Kasus yang menyeret nama institusi perbankan plat merah tersebut berkaitan dengan penyaluran kredit senilai Rp 26 miliar kepada kontraktor pelaksana proyek.

Direktur Utama Bank Sultra, Andri Permana Diputra Abubakar, menegaskan bahwa pihaknya tidak akan menghalangi proses penyidikan. Sebaliknya, Bank Sultra aktif menyediakan data dan rekam transaksi secara transparan.

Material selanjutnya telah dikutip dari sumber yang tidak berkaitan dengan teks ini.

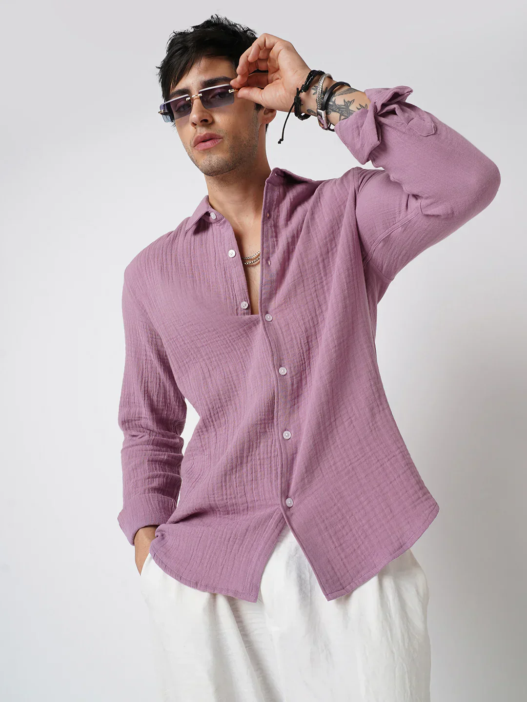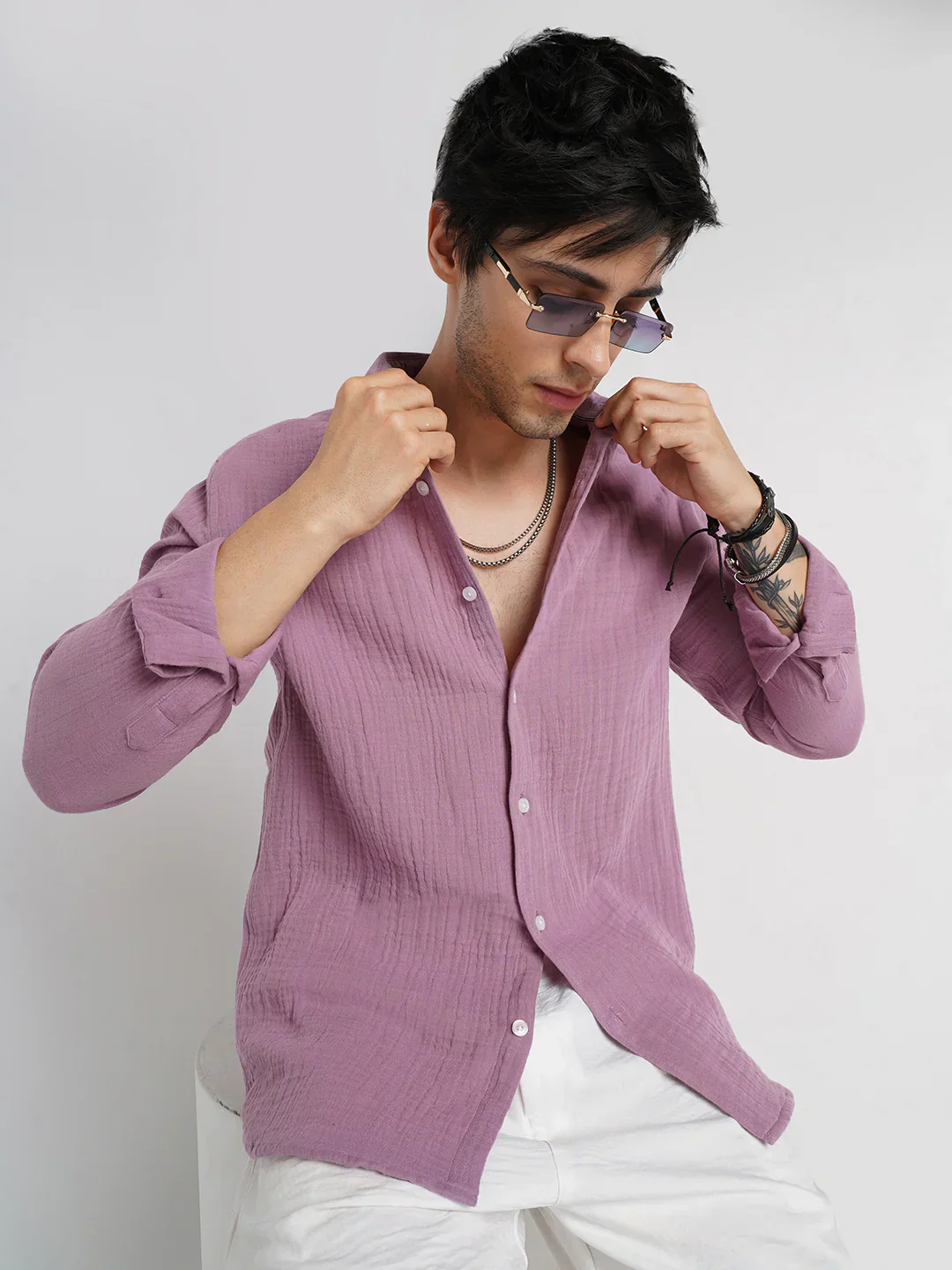 Add a touch of effortless style to your wardrobe with this dusty pink textured casual shirt, designed for a modern and relaxed look. The subtle texture adds depth to the fabric, giving it a premium and unique feel that stands out without being too loud.

“Kami mendukung penuh penyelidikan kepolisian. Kami berikan data dan transaksi yang dibutuhkan agar prosesnya lancar. Ini menjadi pembelajaran penting bagi kami,” ujar Andri dalam keterangannya, Selasa (16/12/2025).

Sebagai bentuk pertanggungjawaban publik, manajemen Bank Sultra juga menempuh jalur investigasi internal secara mandiri dengan melibatkan pihak Inspektorat. Langkah ini bertujuan untuk memetakan adanya potensi pelanggaran prosedur di dalam tubuh bank.

Andri mengungkapkan bahwa berdasarkan evaluasi awal, pihaknya telah menemukan adanya kelemahan dalam kepatuhan prosedur di tingkat operasional. Atas temuan tersebut, manajemen telah menjatuhkan sanksi terhadap staf yang terbukti melanggar Standard Operating Procedure (SOP).

“Kami sudah melakukan investigasi internal dan menemukan adanya kelemahan (prosedur). Terhadap staf yang melanggar SOP, sudah kami kenai sanksi tegas,” ungkapnya.

Meski penyaluran kredit tersebut didukung dengan jaminan aset dari pihak pemohon, Bank Sultra kini memprioritaskan upaya penyelamatan keuangan negara dan perbaikan tata kelola.

Andri menjelaskan bahwa kasus ini memicu manajemen untuk melakukan audit menyeluruh demi memastikan prinsip Good Corporate Governance (GCG) berjalan di seluruh lini bisnis Bank Sultra.

“Fokus kami saat ini adalah penyelamatan keuangan dan koordinasi intensif dengan inspektorat serta kepolisian. Kami terbuka agar persoalan ini tuntas dan tidak terulang di masa depan,” tutup Andri.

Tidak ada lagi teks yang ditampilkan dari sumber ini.